By preapproving your loan, the bank commits to lending you up to a specific amount. That can impress sellers. And it helps when you’re competing with other buyers for a home.
The bad news: Fewer banks are preapproving mortgages lately. But that doesn’t mean you shouldn’t try and shop around.
7. Now shop
Now that you know what you can afford to pay for a home, you can finally start shopping. Here are sources for guidance on shopping:
- Our “7 Things Every Homebuyer Should Know.”
- CNN Money’s 10 tips for homebuyers.
- About.com’s homebuying guide.
8. Hold off applying for credit
Applying for new credit is a tricky thing. It can help improve your credit score – in the long term. But if you open a new credit card or take out another loan too near the time of your mortgage application, your credit score could dip and affect your interest rate.
However, applying for mortgages won’t have much impact. MyFICO says:
Looking for new credit can equate with higher risk, but most credit scores are not affected by multiple inquiries from auto, mortgage or student loan lenders within a short period of time. Typically, these are treated as a single inquiry and will have little impact on the credit score.
Also, obtaining your own credit score or reports won’t hurt, says personal finance expert Liz Weston:
A credit check could hurt you if you asked a friend at a bank or car dealership to pull your credit reports. Such transactions probably would be coded as “hard” inquiries, or as applications for credit, which could ding your scores.

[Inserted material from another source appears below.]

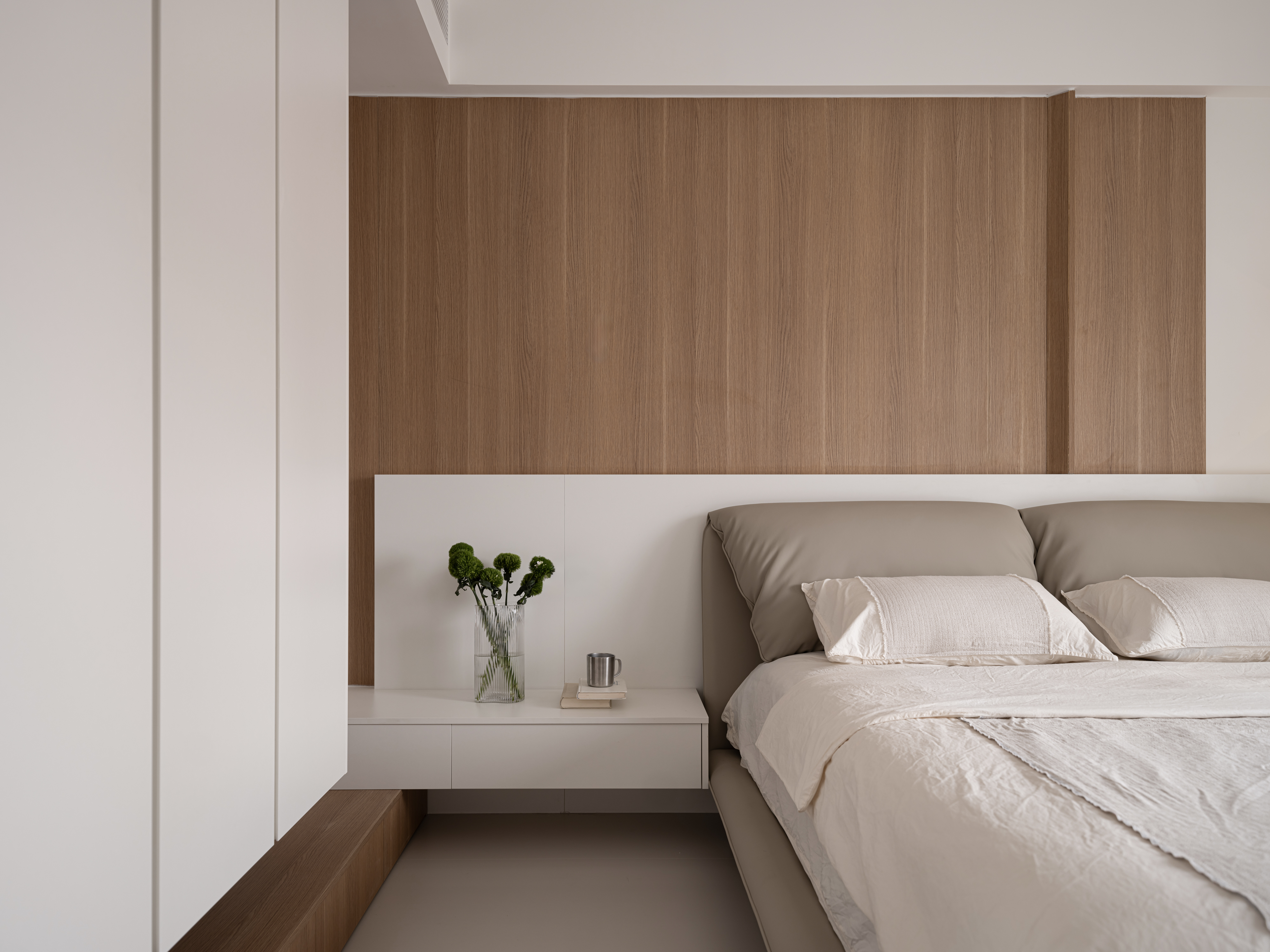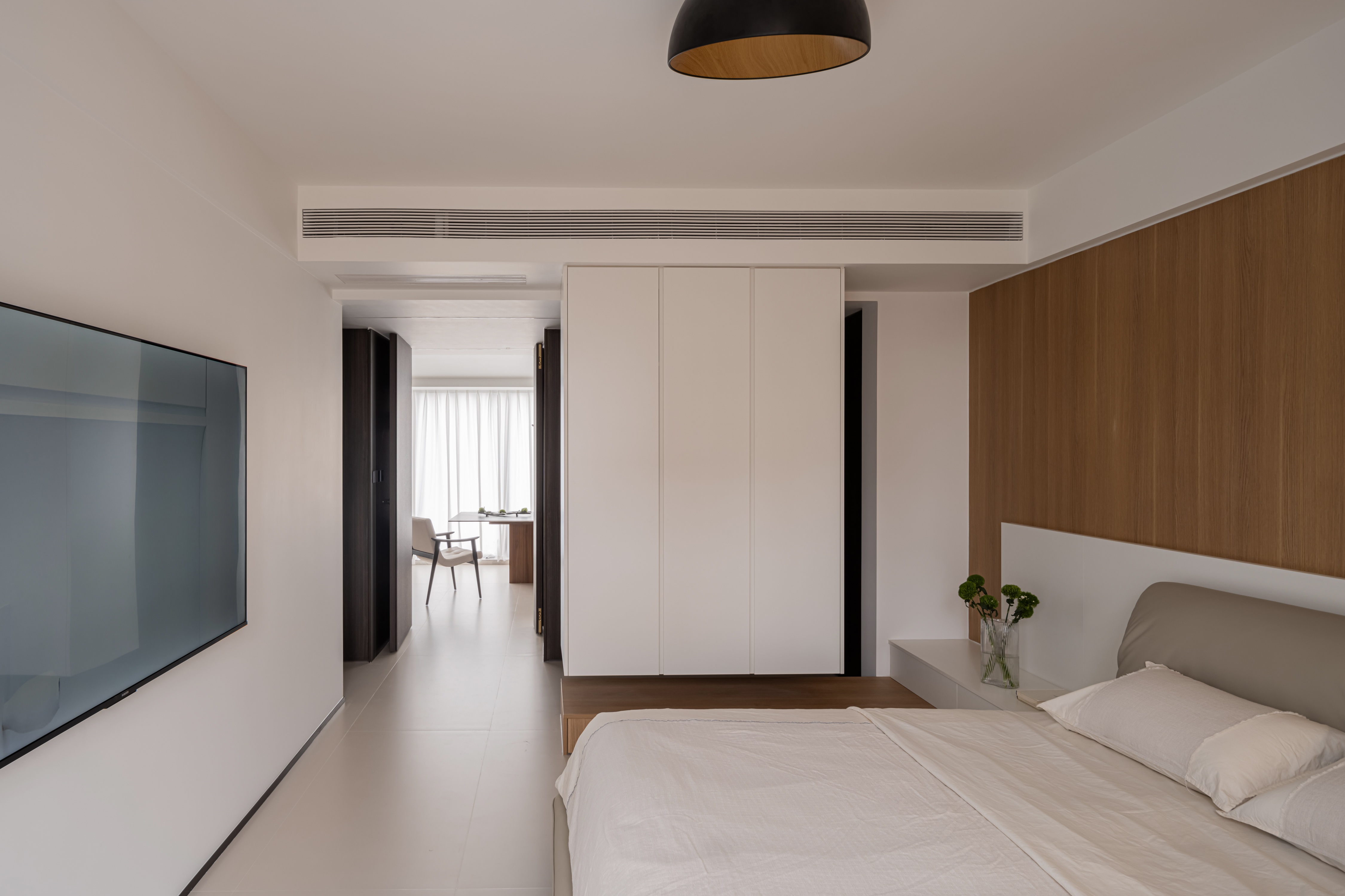 主卧借用衣帽间的面积,增大了卧室“睡眠区”的使用面积,让屋主有宽敞舒适的居住体验。

But checking your own credit is otherwise a non-event.
9. Wait to make big purchases
Buying furniture, appliances, a car or any substantial purchase outside your regular monthly expenses could kill your mortgage loan. Before your loan closes, a lender makes a final credit check. New debts could change your eligibility. Says The New York Times:
“We tell our clients about this upfront, and keep reminding them through the entire process not to go buy a new bed or a refrigerator,” said Michael Daversa, the president and founder of Atlantic Residential Mortgage, which is based in Westport, Conn. “What you’re supposed to do is keep everything status quo.”